- **WHAT TO WORK ON**: The lines below from the one with "Зазвичай розпочинають огляд" up to and including the one with "Instagram Post von einer Gruppe oben 1" are what you should set down, exactly and without pictures.

--------------------------------------------------

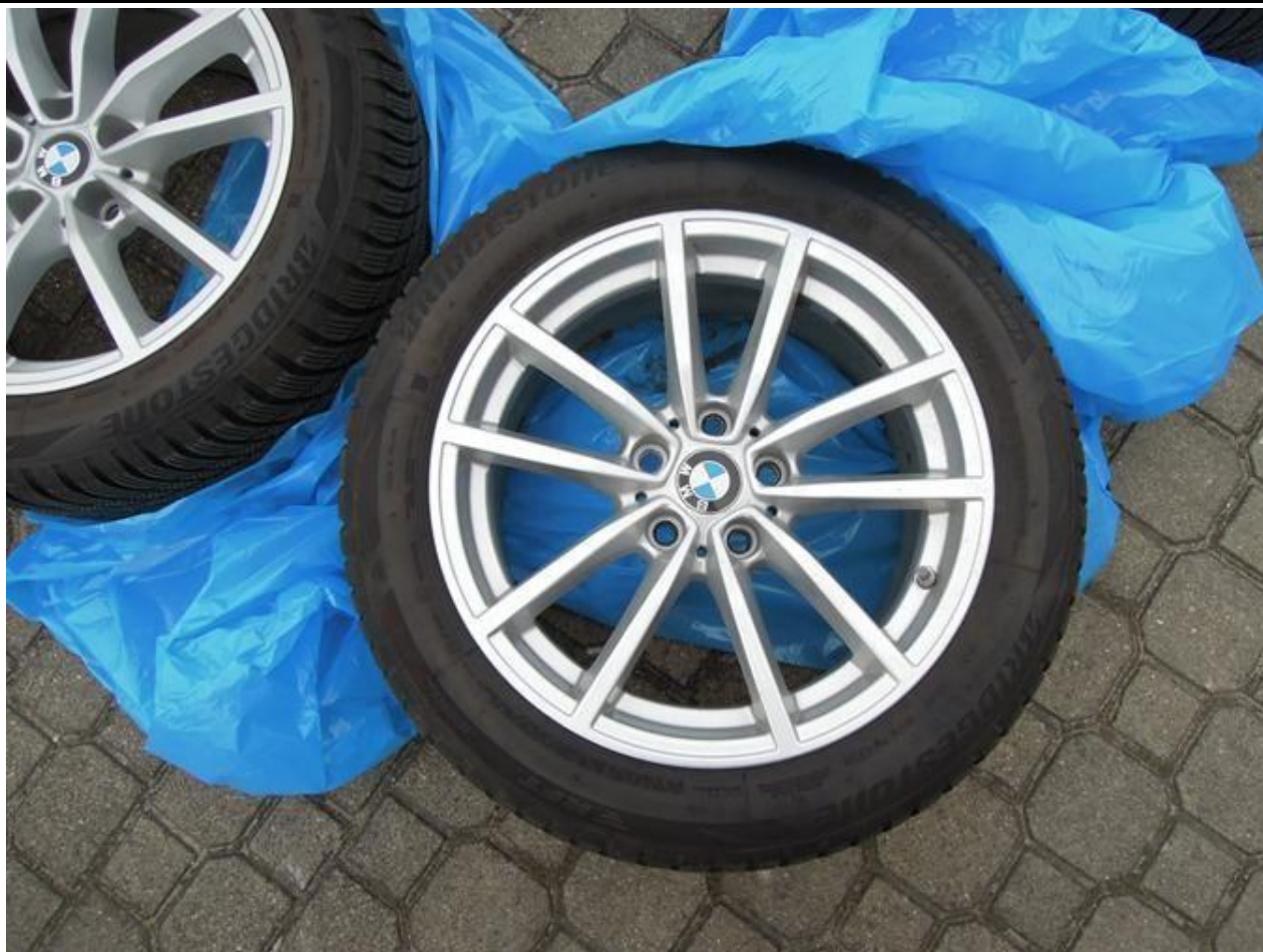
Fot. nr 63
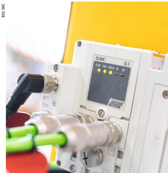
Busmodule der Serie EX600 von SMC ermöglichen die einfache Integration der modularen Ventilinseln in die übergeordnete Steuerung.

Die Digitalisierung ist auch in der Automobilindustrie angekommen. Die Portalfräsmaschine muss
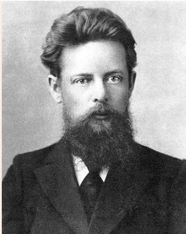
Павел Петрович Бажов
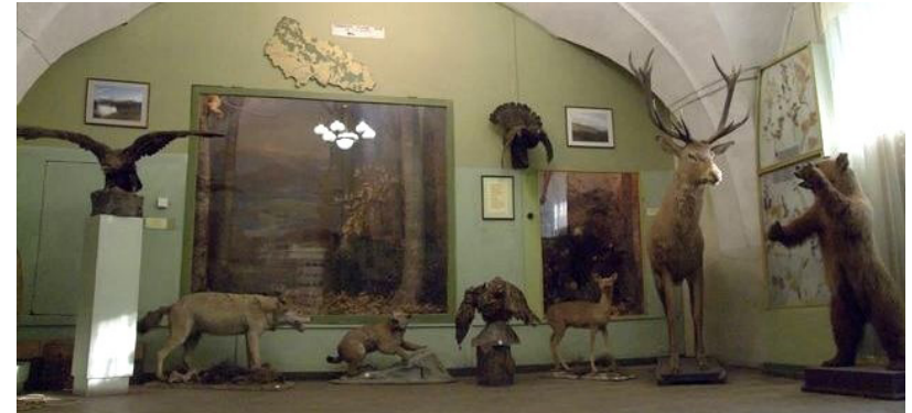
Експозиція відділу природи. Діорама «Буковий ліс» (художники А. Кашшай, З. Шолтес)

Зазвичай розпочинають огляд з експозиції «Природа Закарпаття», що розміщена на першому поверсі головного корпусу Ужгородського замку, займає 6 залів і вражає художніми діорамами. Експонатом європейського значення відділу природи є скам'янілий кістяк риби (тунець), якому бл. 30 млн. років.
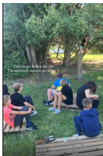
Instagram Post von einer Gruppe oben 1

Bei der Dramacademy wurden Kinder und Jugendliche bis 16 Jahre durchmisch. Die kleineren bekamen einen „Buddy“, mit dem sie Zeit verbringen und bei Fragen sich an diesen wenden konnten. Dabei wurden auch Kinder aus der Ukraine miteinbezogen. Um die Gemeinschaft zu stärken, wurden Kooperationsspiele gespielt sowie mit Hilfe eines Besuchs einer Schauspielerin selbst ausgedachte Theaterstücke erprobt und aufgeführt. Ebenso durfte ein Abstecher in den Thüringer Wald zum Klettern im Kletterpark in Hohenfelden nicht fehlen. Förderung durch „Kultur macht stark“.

--------------------------------------------------

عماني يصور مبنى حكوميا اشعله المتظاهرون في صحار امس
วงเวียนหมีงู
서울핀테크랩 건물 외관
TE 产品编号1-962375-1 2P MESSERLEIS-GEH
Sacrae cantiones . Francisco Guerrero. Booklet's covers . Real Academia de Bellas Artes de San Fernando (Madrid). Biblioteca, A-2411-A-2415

--------------------------------------------------

- **RESPONSE TO THE EXERCISE**:
Зазвичай розпочинають огляд з експозиції «Природа Закарпаття», що розміщена на першому поверсі головного корпусу Ужгородського замку, займає 6 залів і вражає художніми діорамами. Експонатом європейського значення відділу природи є скам'янілий кістяк риби (тунець), якому бл. 30 млн. років.
Instagram Post von einer Gruppe oben 1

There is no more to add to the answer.